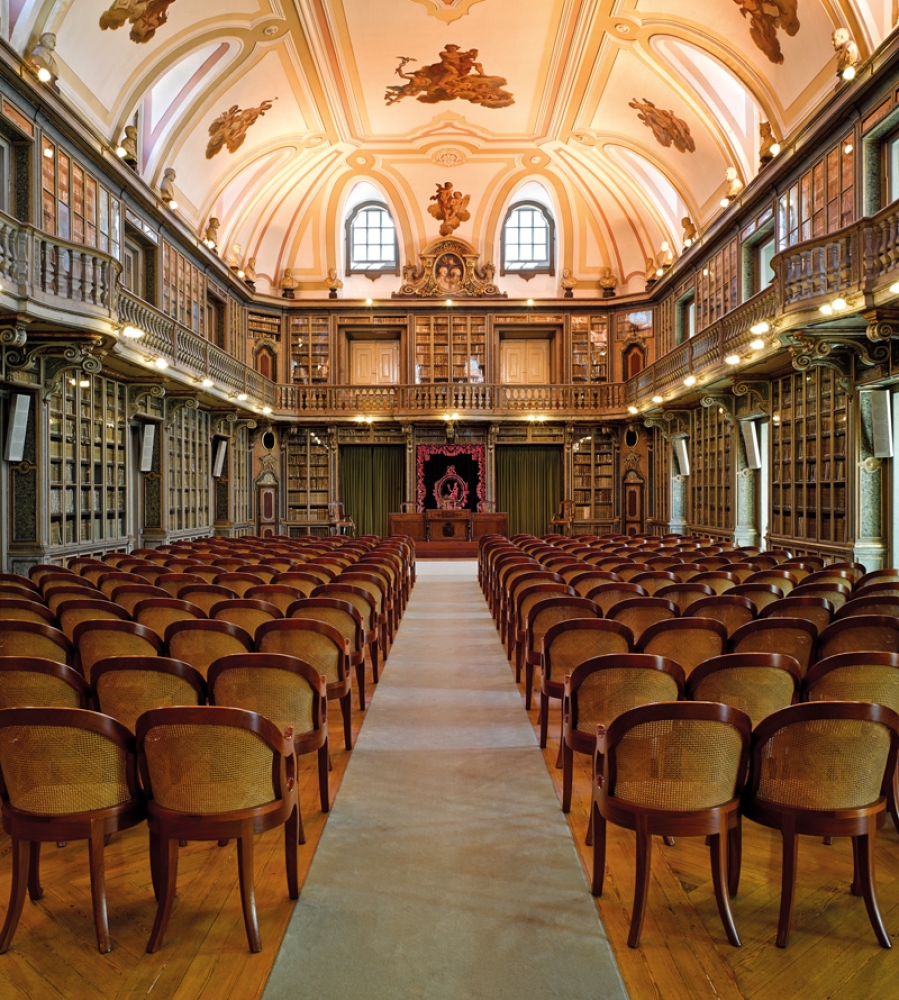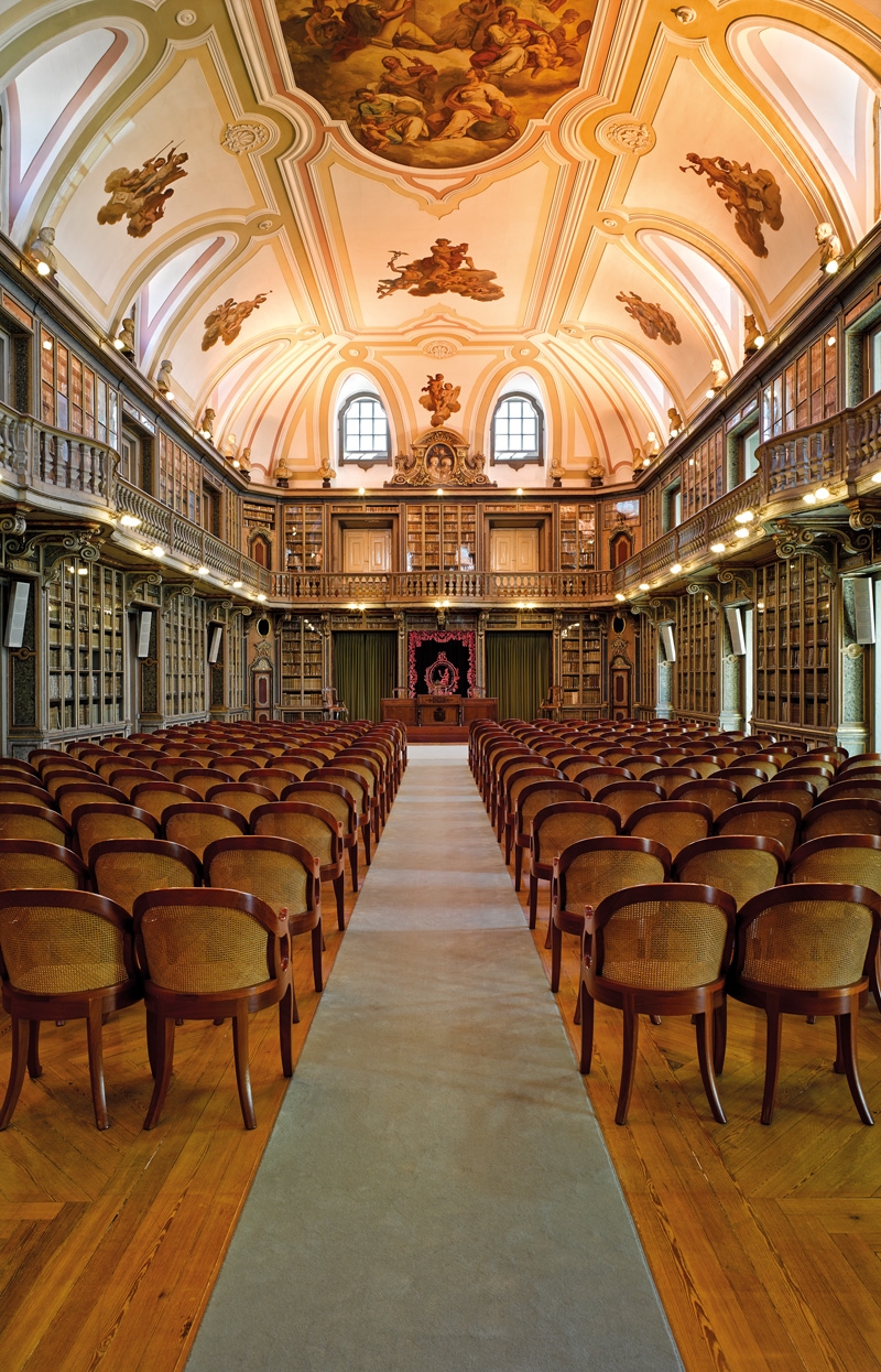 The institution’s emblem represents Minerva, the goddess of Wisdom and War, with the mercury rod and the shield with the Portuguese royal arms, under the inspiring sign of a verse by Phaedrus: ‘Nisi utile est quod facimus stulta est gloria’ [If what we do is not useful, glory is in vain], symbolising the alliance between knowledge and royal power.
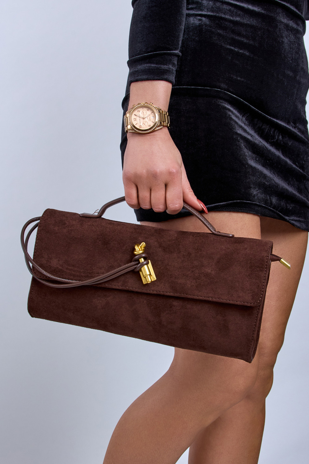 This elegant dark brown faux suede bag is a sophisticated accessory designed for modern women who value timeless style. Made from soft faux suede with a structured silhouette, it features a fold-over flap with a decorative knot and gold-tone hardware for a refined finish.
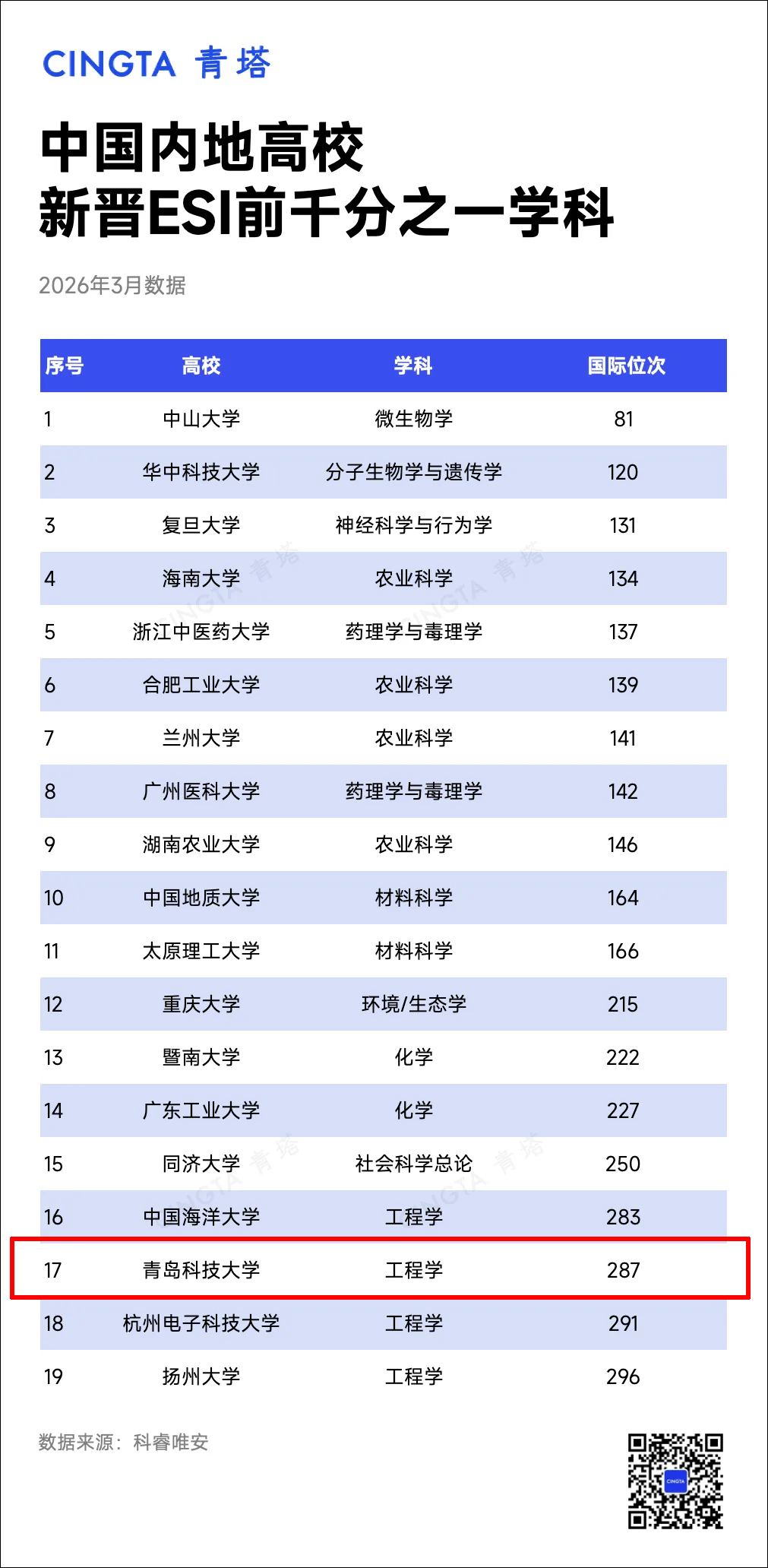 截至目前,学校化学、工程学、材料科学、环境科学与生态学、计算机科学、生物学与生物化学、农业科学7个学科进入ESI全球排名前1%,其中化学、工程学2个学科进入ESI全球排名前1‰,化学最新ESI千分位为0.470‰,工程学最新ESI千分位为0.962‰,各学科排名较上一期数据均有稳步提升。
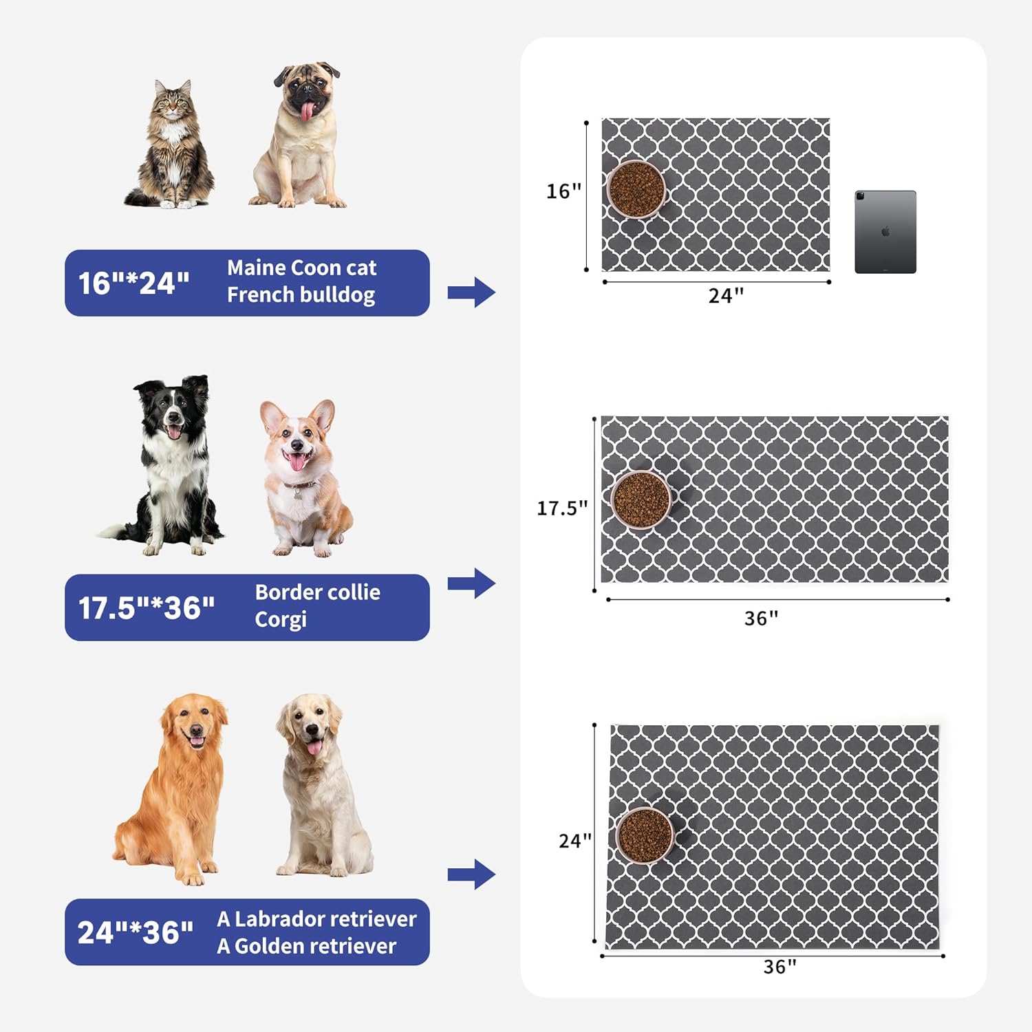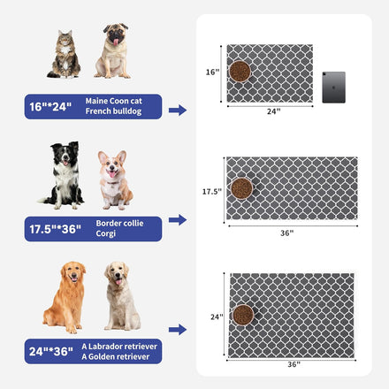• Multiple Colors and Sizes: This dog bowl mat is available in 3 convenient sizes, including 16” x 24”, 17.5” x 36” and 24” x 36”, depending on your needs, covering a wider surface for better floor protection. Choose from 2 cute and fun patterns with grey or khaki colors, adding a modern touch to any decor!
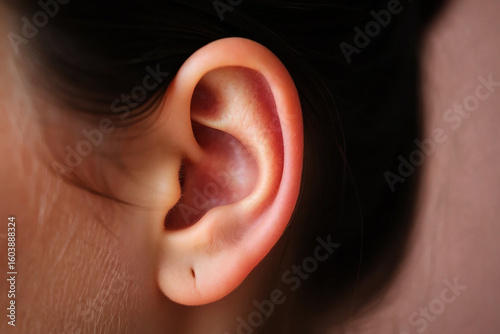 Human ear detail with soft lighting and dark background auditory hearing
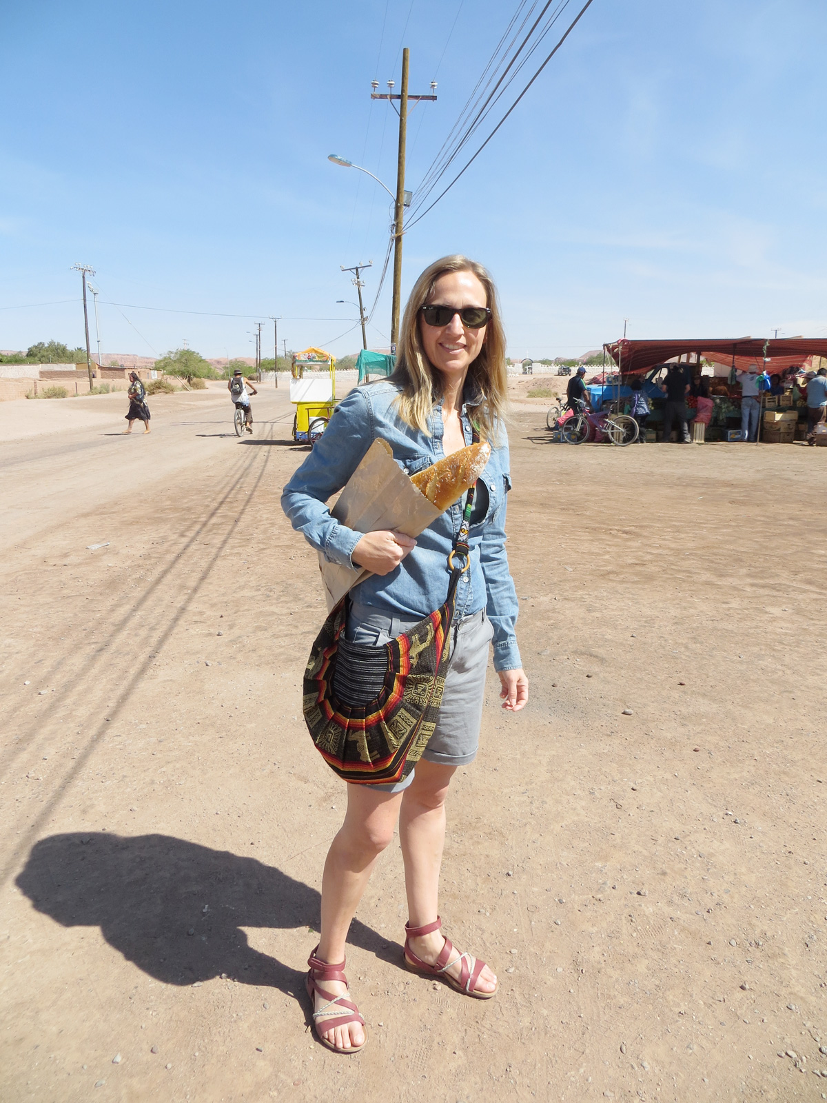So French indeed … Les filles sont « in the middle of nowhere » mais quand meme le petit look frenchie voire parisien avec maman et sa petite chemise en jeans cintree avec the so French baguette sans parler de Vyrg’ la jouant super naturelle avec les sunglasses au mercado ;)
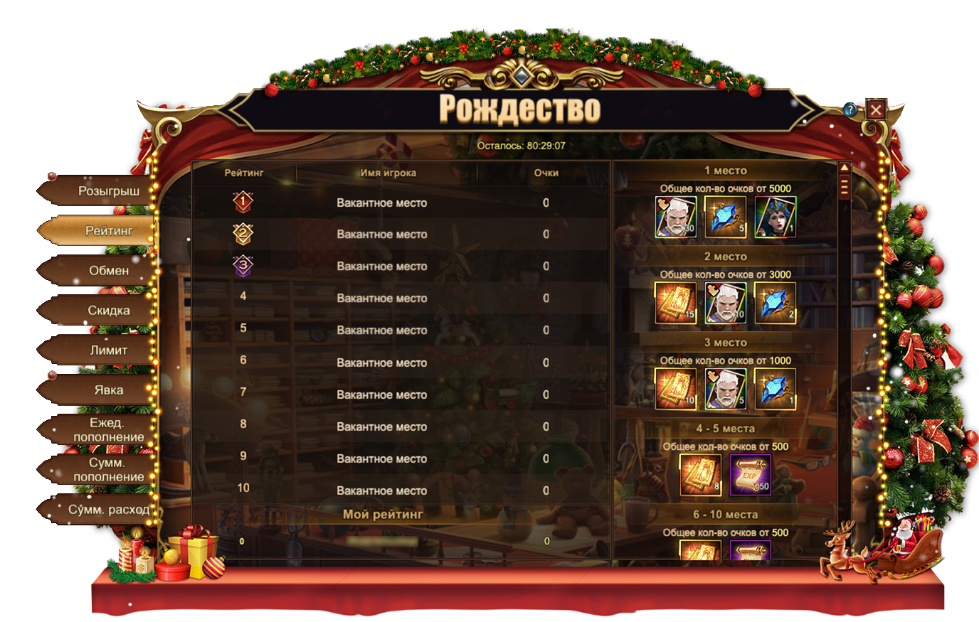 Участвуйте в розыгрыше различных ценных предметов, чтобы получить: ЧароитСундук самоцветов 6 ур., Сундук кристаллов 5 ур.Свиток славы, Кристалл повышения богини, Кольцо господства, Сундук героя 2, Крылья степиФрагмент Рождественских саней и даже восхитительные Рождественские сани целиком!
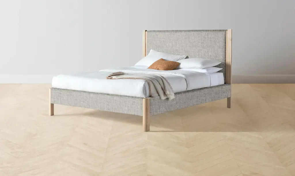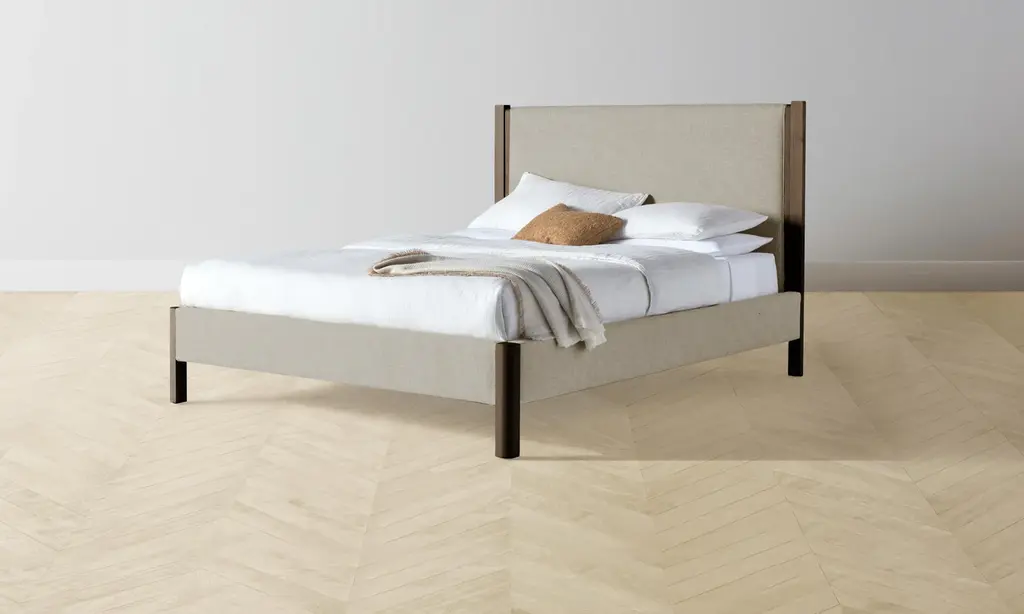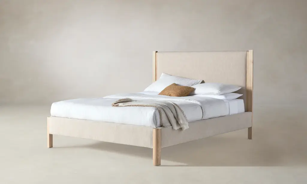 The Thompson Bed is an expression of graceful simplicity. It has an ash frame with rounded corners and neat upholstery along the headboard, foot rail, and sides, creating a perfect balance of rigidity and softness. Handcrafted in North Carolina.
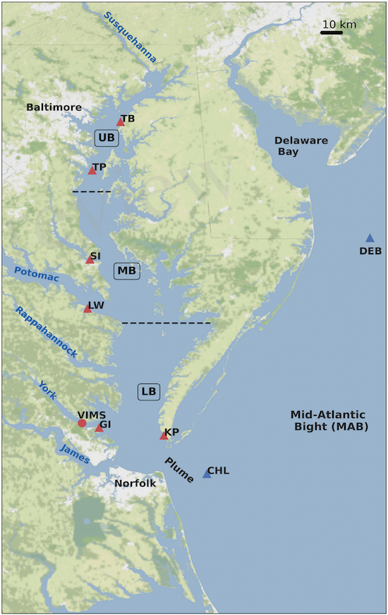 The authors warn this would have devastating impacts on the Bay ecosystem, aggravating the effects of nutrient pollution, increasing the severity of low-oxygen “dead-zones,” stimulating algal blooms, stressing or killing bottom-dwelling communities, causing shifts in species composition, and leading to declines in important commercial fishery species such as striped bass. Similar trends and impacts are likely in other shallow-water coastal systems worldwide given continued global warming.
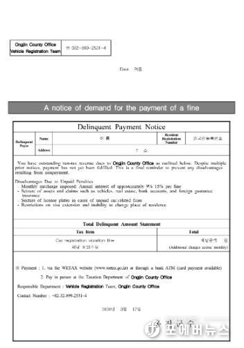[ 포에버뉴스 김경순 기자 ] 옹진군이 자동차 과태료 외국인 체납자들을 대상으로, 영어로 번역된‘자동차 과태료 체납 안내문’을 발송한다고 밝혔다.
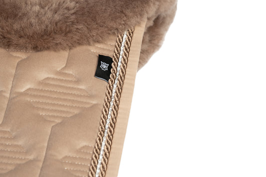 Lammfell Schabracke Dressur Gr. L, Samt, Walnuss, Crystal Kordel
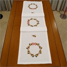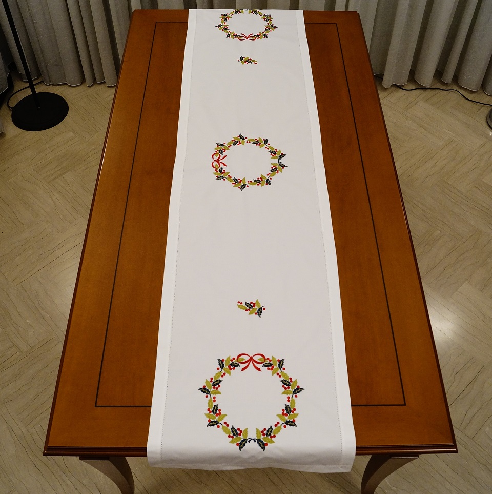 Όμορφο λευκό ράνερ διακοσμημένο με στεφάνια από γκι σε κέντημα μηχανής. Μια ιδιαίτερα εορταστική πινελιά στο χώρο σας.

────────────────────────────────────────

Nothing but the lines above, starting at the line that contains "This elegant dark" and ending at the line that contains "The Thompson Bed", should be given again, exactly and without the pictures.

 This elegant dark brown faux suede bag is a sophisticated accessory designed for modern women who value timeless style. Made from soft faux suede with a structured silhouette, it features a fold-over flap with a decorative knot and gold-tone hardware for a refined finish.
 截至目前,学校化学、工程学、材料科学、环境科学与生态学、计算机科学、生物学与生物化学、农业科学7个学科进入ESI全球排名前1%,其中化学、工程学2个学科进入ESI全球排名前1‰,化学最新ESI千分位为0.470‰,工程学最新ESI千分位为0.962‰,各学科排名较上一期数据均有稳步提升。
• Multiple Colors and Sizes: This dog bowl mat is available in 3 convenient sizes, including 16” x 24”, 17.5” x 36” and 24” x 36”, depending on your needs, covering a wider surface for better floor protection. Choose from 2 cute and fun patterns with grey or khaki colors, adding a modern touch to any decor!
 Human ear detail with soft lighting and dark background auditory hearing
So French indeed … Les filles sont « in the middle of nowhere » mais quand meme le petit look frenchie voire parisien avec maman et sa petite chemise en jeans cintree avec the so French baguette sans parler de Vyrg’ la jouant super naturelle avec les sunglasses au mercado ;)
 Участвуйте в розыгрыше различных ценных предметов, чтобы получить: ЧароитСундук самоцветов 6 ур., Сундук кристаллов 5 ур.Свиток славы, Кристалл повышения богини, Кольцо господства, Сундук героя 2, Крылья степиФрагмент Рождественских саней и даже восхитительные Рождественские сани целиком!
 The Thompson Bed is an expression of graceful simplicity. It has an ash frame with rounded corners and neat upholstery along the headboard, foot rail, and sides, creating a perfect balance of rigidity and softness. Handcrafted in North Carolina.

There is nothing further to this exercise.